First off, I want to say sorry to all of my frens on this site. I kinda went AWOL because I was very stressed out. Second off, I am currently menstruating so I am not in the best of moods. I have a foster placement now, and I mean, they're pretty great. I get misgendered sometimes, but I mean, it could be worse. I have been really anxious and dysphoric lately, and in the midst of a bad dysphoric and anxiety attack, I mutilated my breasts with my X-ACTO knife. Those scars will remind me that I'm still pretty fucked up inside. I told my partner, and he was dissapointed, but sent me a cute email telling me that I'm amazing. I was diagnosed with a mood disorder last thursday. I started a new school, which makes me way too anxious than normal. I can't stand to even go in the lunchroom sometimes. I now take six medications for my mental instability, and am likely to be prescribed something for anxiety fairly soon. I've been very stressed, like I said, and I kinda just... didn't go on this site. Anyways, I'm back, for now! So HAIII!

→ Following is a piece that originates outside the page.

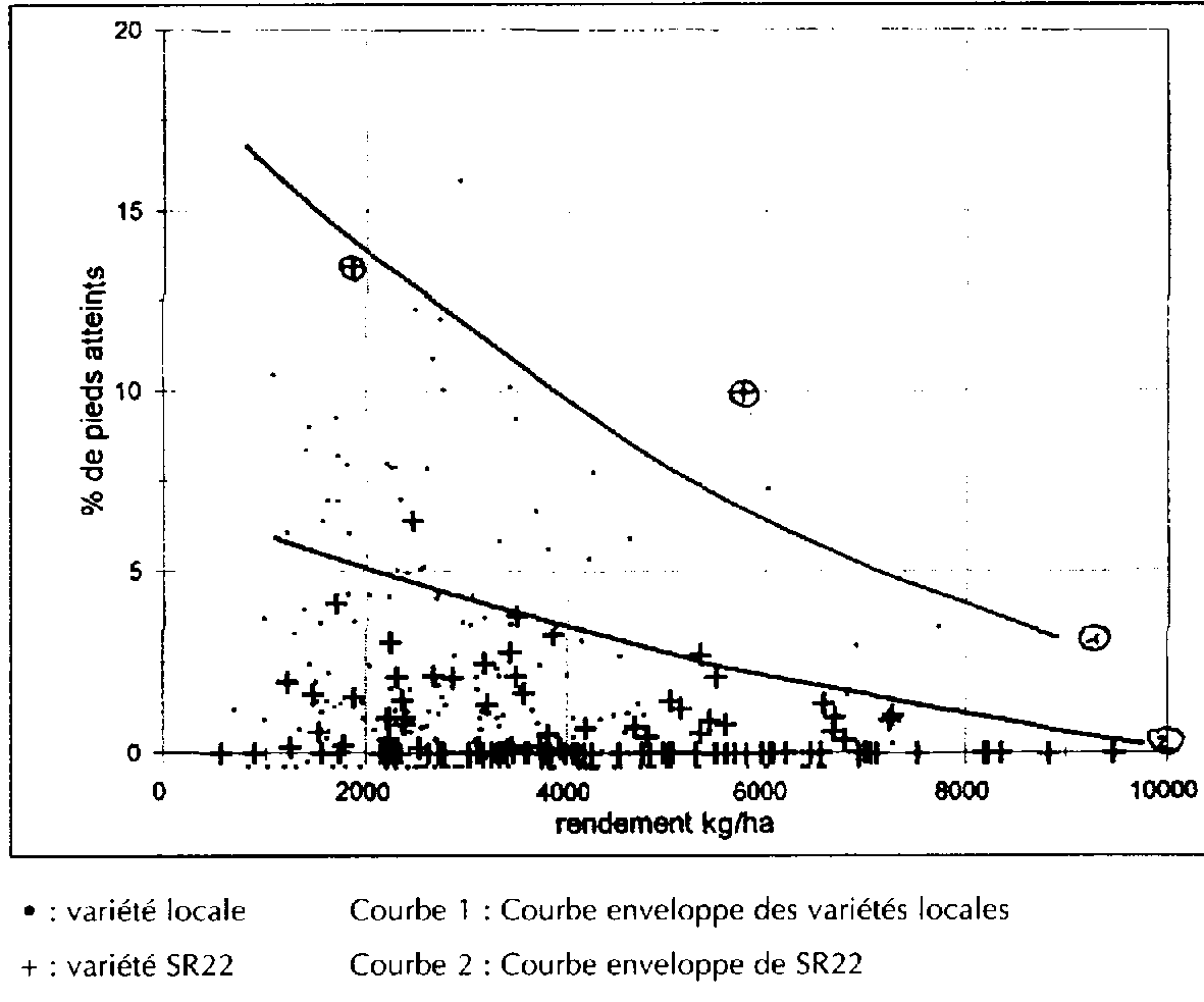 Les résultats permettent de noter une relation négative nette entre le taux d'infestation (exprimé en pieds atteints par segment de ligne de maïs) et le rendement en grains (figure 7, courbe enveloppe supérieure).

Welcome back Deep breaths always helps me when I get anxious. It's tricky though, because once a thought enters your mind it takes time for you to feel normal again. Glad you're getting a fresh start
Hey CROSSY ROAD, I'm rather disturbed that you are cutting your breasts. Cutting is NEVER good. I'm glad that you're pretty happy with your current foster placement. I'm just SO sorry about what you went through with your last (potentially adoptive) parents and how they were unable to deal with your gender identity. To me, that just isn't right. In for a penny, in for a pound, so to speak. If you love someone, nothing else matters. But you are where you are, however, f**ked up the overall situation is. Personally, I'm not a big fan of meds and I would tend to believe (solely based on your postings here, of course), that finding an accepting, stable environment and (probably) being able to start transition, if that's what you want at this point, would solve so much of your anxiety/mental anguish without meds that... Well, let's just say that I have faith in you, as a person. Stay strong!